I need to demilitarise text by a single character, a comma. But I want to only use that comma as a delimiter if it is not encapsulated by quotation marks.

An example:

Method,value1,value2

Would contain three values: Method, value1 and value2

But:

Method,"value1,value2"

Would contain two values: Method and "value1,value2"

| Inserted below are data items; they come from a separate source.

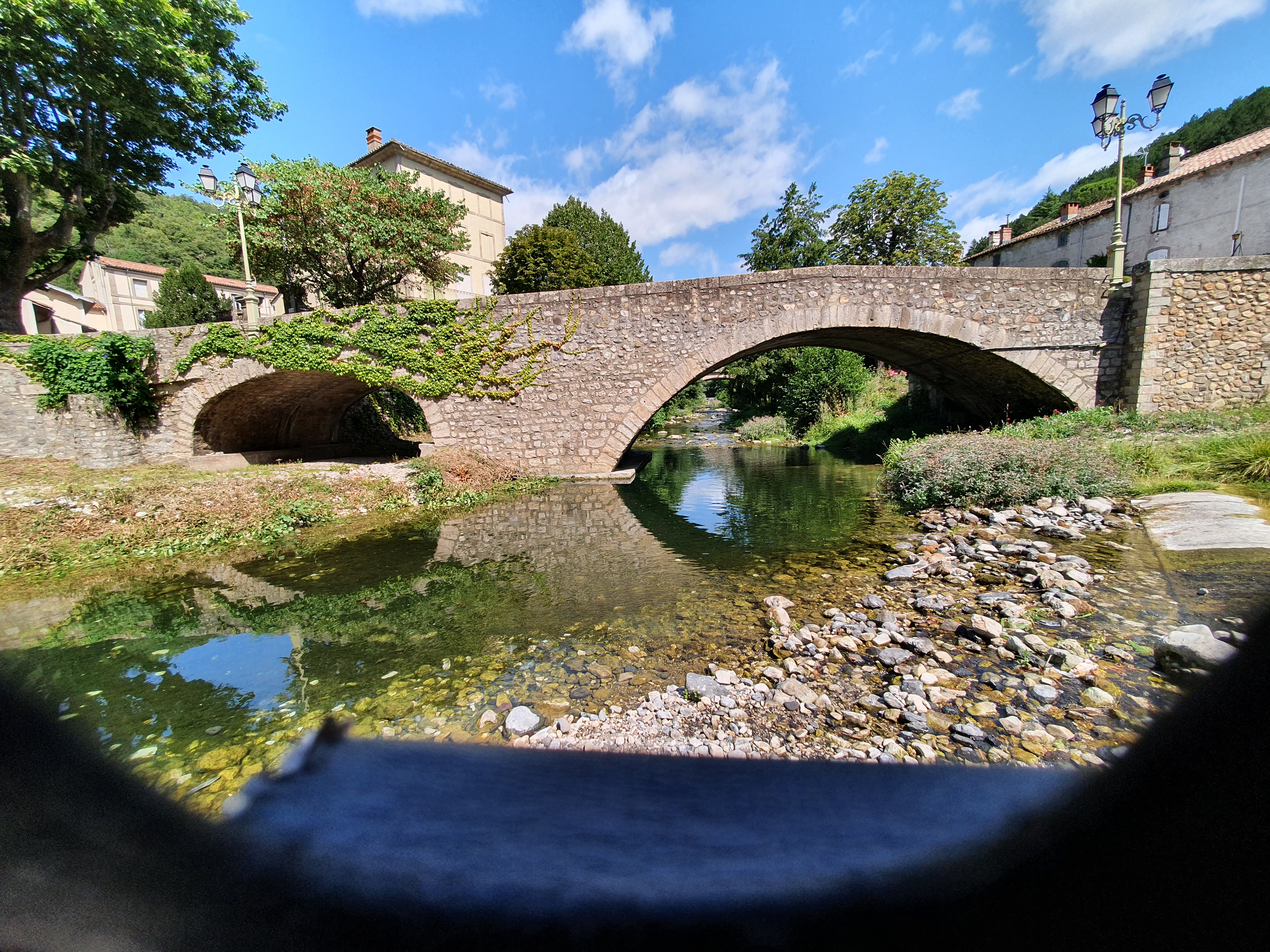 Un accueil très chaleureux du propriétaire, on mange en terrasse à l'abri du soleil au bord de la rivière. Une cuisine authentique, à la carte et un menu à 35euros environ. Toute l'équipe s'adapte aux clients. L'eau pétillante vient d'une société de lamalou qui a gagné un concours pour la qualité de son eau.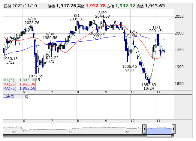 2022年11月11日08時52分 【市況】東証REIT指数先物:11日寄り付き=33ポイント高、1976ポイント REIT指数 <日足> 「株探」多機能チャートより 11日8時51分、東証REIT指数先物期近2022年12月限は前日清算値比33ポイント高の1976ポイントで寄り付いた。前日の東証REIT指数の現物終値1945.65ポイントに対しては30.35ポイント高。 株探ニュース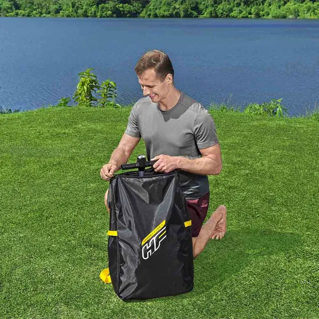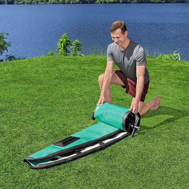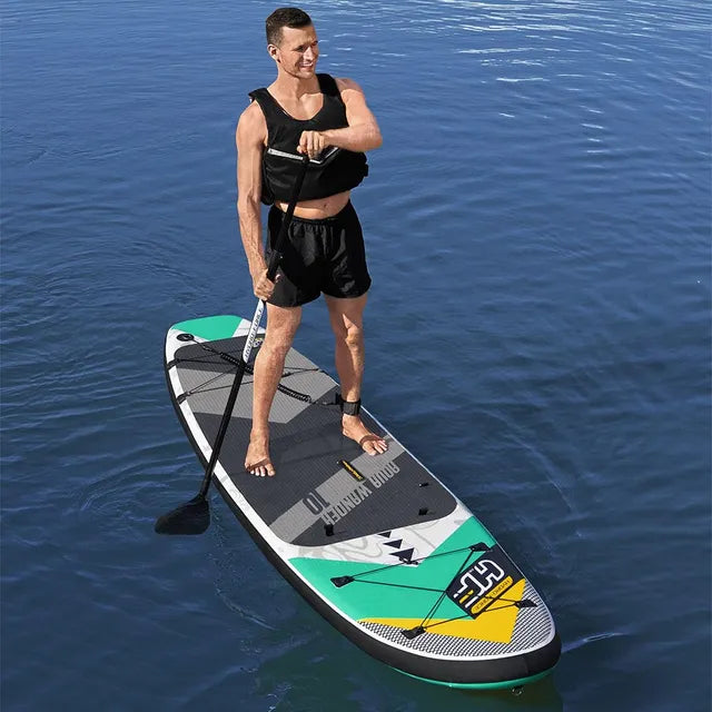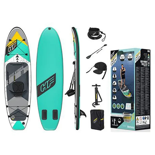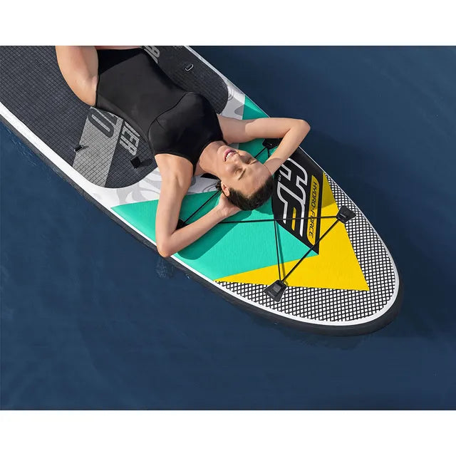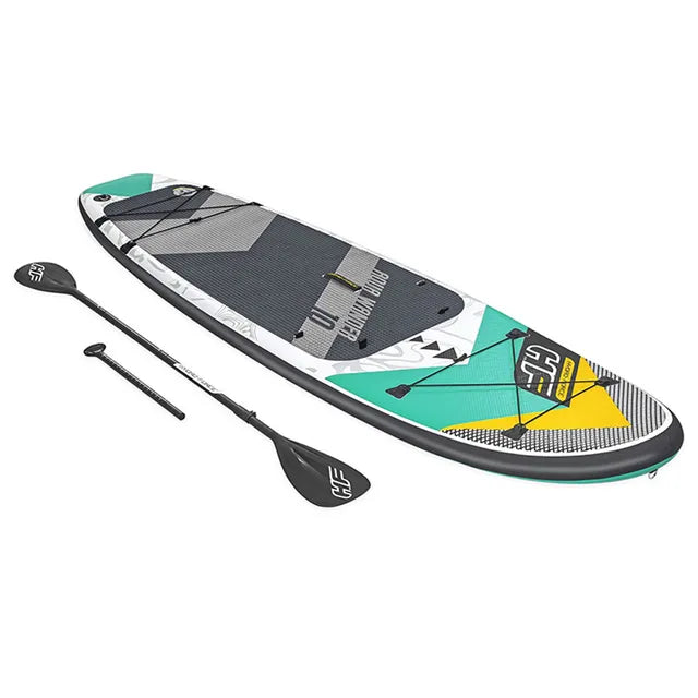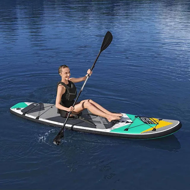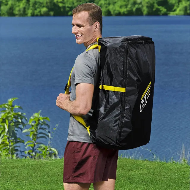 Get out and experience your next water adventure with the Hydro-Force Aqua Wander Travel. Tech Convertible Stand-Up Paddleboard Set. This all-around board is the perfect shape for flat water and small wave riding, and it can be easily converted into a kayak with the included seat and footrest.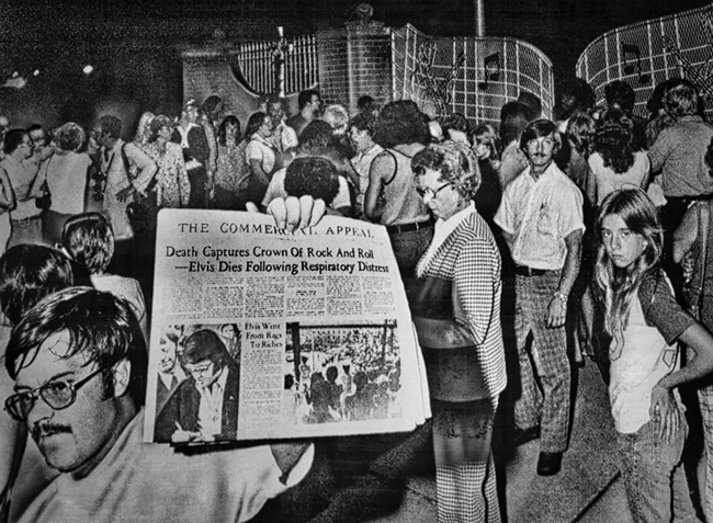 A man outside the gates of Graceland holds up a newspaper announcing Elvis' death. Mourners stayed all night outside the singer's mansion.
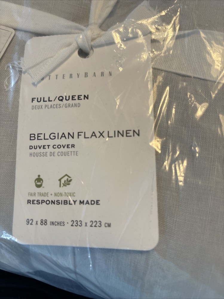 This is a NEW Pottery Barn Belgian Flax Linen Duvet Cover in Full/Queen size and Soft Gray color. It is made of a Linen Cotton Blend material, perfect for the bedroom. The set includes the duvet cover from the Pottery Barn Belgian Flax collection.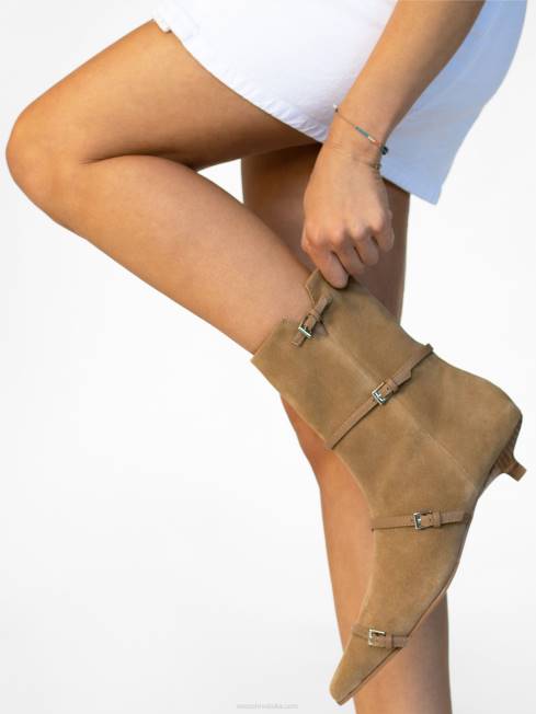 čizma Od Telećeg Antilopa U Boji Badema, S Petom I Detaljima Kopče.

I'm not really sure how to go about this as when splitting a string I would use:

String.Split(',');

But that would demilitarise based on ALL commas. Is this possible without getting overly complicated and having to manually check every character of the string.

Thanks in advance

Zephni
  • 753
  • 1
  • 7
  • 26
  • 5
    Use an available csv parser like [`VisualBasic.FileIO.TextFieldParser`](https://msdn.microsoft.com/en-us/library/microsoft.visualbasic.fileio.textfieldparser(v=vs.110).aspx) or [this](http://www.codeproject.com/Articles/9258/A-Fast-CSV-Reader) or [this](http://www.filehelpers.com/). – Tim Schmelter Jun 29 '15 at 14:58
  • [Potential dupe](http://stackoverflow.com/questions/4829779/splitting-a-csv-and-excluding-commas-within-elements), but highest upvoted/accepted answer is a link only answer... (to one of the articles @Tim just edited in :)) – James Thorpe Jun 29 '15 at 15:00
  • For completion.. would you mind giving an example of usage for the TextFieldParser for my situation? So I can accept as answer. Thanks for quick responses :) – Zephni Jun 29 '15 at 15:03
  • possible duplicate of [Read csv file c# with comma separator](http://stackoverflow.com/questions/29678507/read-csv-file-c-sharp-with-comma-separator) – David Arno Jun 29 '15 at 15:04
  • possible duplicate of [Parse comma seperated string with a complication in C#](http://stackoverflow.com/questions/30078054/parse-comma-seperated-string-with-a-complication-in-c-sharp) - *The complication is quotes* – Alex K. Jun 29 '15 at 15:04
  • you can skip character. create method that replace char ',' inside '"' with something else (ex: `\u9999`) then split and finally replace skipped char with ',' – M.kazem Akhgary Jun 29 '15 at 15:09

2 Answers2

2

Copied from my comment: Use an available csv parser like VisualBasic.FileIO.TextFieldParser or this or this.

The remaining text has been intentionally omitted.